Набатовские механизаторы думали о гектарах вспашки, о вовремя или не вовремя закрытых нарядах, о нормах выработки, “об выпить-закусить и чтоб солнце было...”. Но вот закрылся колхоз, увезли трактора и комбайны, умерли бригадир Паша и многие из его ребят; поля, которые они обихаживали, мало-помалу превращались в бурьянные пустыри. Каждую весну и лето на деревню обрушивалась эпидемия сорняков-паразитов. А ведь наукой доказано, что у каждого культурного растения есть свой спутник-сорняк, семена которого имеют ту же форму, величину, окраску и вес. Бороться с этими двойниками-приспособленцами так же трудно, как с мерзавцами в человеческом обществе. Слава богу, что пришел на помощь лес. Он задавил дурнотравье, и теперь ряполовцы имеют возможность собирать здесь молодые подберезовики. Такая уйма земли — и вся она теперь пустая! Может быть, так и надо? Есть в этой пустынности, девственной шири, дикости какая-то величавость, полнота возобновившейся жизни, не требующей участия человека. И вернулся наконец исконный хозяин этих мест: природа не терпит пустот...

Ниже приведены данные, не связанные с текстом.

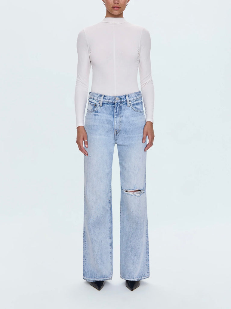 A relaxed fit with real character, Hendrix sits high at the waist with a full-length 31" inseam and an intentionally oversized silhouette that feels effortless yet refined. The structured shape maintains clean proportions, balancing ease with polish. Crafted from 100% cotton rigid denim in Revel Distressed, a light blue wash with subtle fading and distressing that captures the look of true vintage wear.

Я шел в свое Ряполово и нет-нет да оглядывался по сторонам. Кто его знает, этого “хозяина”, какие у него намерения: вдруг опомнится от страха и нападет сзади?
У НАС ВОРУЮТ
Туристским топориком я поддел рассохшуюся доску, гвозди легко вышли из пазов, и дверь со скрипом подалась назад. В нос ударил спертый дух плесени, мышиных закоулков и соскучившегося по печному теплу дерева. В сенях я помедлил немного перед тем, как толкнуть другую дверь, в жилую комнату, и слегка запаниковал. Вдруг опять залезли? Опять придется вставлять оконные стекла, собирать с пола битую посуду и развороченное постельное белье со следами грязных сапог? Я шарил глазами по затененным углам — нет, кажется, все в порядке.
А ведь были, были такие годы, и не столь отдаленные, когда по весне в моей московской квартире трезвонила междугородка и голос на том конце провода участливо сообщал: вашу избу, товарищ Ларин, обворовали! Влезли, видать, ночью, сбили замки, взломали шкафы и сундуки. Даже лампочки вывернули, мерзавцы!..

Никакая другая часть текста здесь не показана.